But the District Court’s discussion of the evidence neither cited Aramburu nor gave any other indication that its decision relied on that case. The minute order included only two sentences discussing the admissibility of the evidence:
“Plaintiff may offer evidence of discrimination against Sprint employees who are similarly situated to her. ‘Similarly situated employees,’ for the purpose of this ruling, requires proof that (1) Paul Ruddick [sic] was the decision-maker in any adverse employment action; and (2) temporal proximity.” App. to Pet. for Cert. 24a.
Contrary to the Court of Appeals’ conclusion, these sentences include no analysis suggesting that the District Court applied a per se rule excluding this type of evidence.
Mendelsohn argued on appeal1 that the District Court must have viewed Aramburu as controlling because Sprint cited the case in support of its in limine motion. But neither party’s submissions to the District Court suggested that Aramburu was controlling. Sprint’s memorandum in support of its motion mentioned the case only in a string citation, and not for the proposition that only “similarly situated” witnesses’ testimony would be admissible.2 App. 163a. Mendelsohn did not cite the case in her memorandum in opposition, see id., at 208a, and Sprint did not address it in its reply brief, see id., at 221a.

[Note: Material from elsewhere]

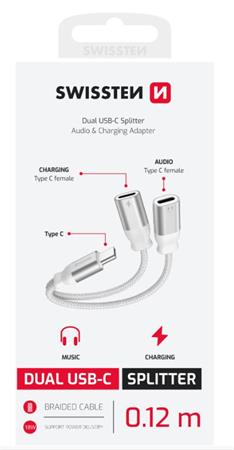 - SWISSTEN NABÍJECÍ AUDIO ADAPTÉR TEXTILE USB-C (samec) / 2x USB-C (samice) 0,12 M BÍLÝ

*386Mendelsohn further argued that the District Court’s use of the phrase “similarly situated,” also used in Aramburu, evidenced its reliance on that case. Although the District Court used the same phrase, we decline to read the District Court’s decision as relying on a case that was not controlling. Aramburu defined the phrase “similarly situated” in the entirely different context of a plaintiff’s allegation that nonminority employees were treated more favorably than minority employees. 112 F. 3d, at 1403-1406. Absent reason to do so, we should not assume the District Court adopted that “similarly situated” analysis when it addressed a very different kind of evidence. An appellate court should not presume that a district court intended an incorrect legal result when the order is equally susceptible of a correct reading, particularly when the applicable standard of review is deferential.

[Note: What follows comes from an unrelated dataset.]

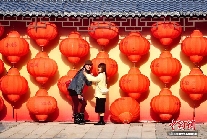 2月10日,游客在福清市利桥历史文化街区拍照留念。中新社记者 张斌 摄

Mendelsohn additionally argued that the District Court must have meant to apply such a rule because that was the nature of the argument in Sprint’s in limine motion. But the in limine motion did not suggest that the evidence is never admissible; it simply argued that such evidence lacked sufficient probative value “in this case” to be relevant or outweigh prejudice and delay. App. 156a.
When a district court’s language is ambiguous, as it was here, it is improper for the court of appeals to presume that the lower court reached an incorrect legal conclusion. A remand directing the district court to clarify its order is generally permissible and would have been the better approach in this case.
B
In the Court of Appeals’ view, the District Court excluded the evidence as per se irrelevant, and so had no occasion to reach the question whether such evidence, if relevant, should be excluded under Rule 403. The Court of Appeals, upon concluding that such evidence was not per se irrelevant, de*387cided that it was relevant in the circumstances of this case and undertook its own balancing under Rule 403. But questions of relevance and prejudice are for the District Court to determine in the first instance. Abel, 469 U. S., at 54 (“Assessing the probative value of [evidence], and weighing any factors counseling against admissibility is a matter first for the district court’s sound judgment under Rules 401 and 403 ... ”). Rather than assess the relevance of the evidence itself and conduct its own balancing of its probative value and potential prejudicial effect, the Court of Appeals should have allowed the District Court to make these determinations in the first instance, explicitly and on the record.3 See Pullman-Standard v. Swint, 456 U. S. 273, 291 (1982) (When a district court “fail[s] to make a finding because of an erroneous view of the law, the usual rule is that there should be a remand for further proceedings to permit the trial court to make the missing findings”). With respect to evidentiary questions in general and Rule 403 in particular, a district court virtually always is in the better position to assess the admissibility of the evidence in the context of the particular case before it.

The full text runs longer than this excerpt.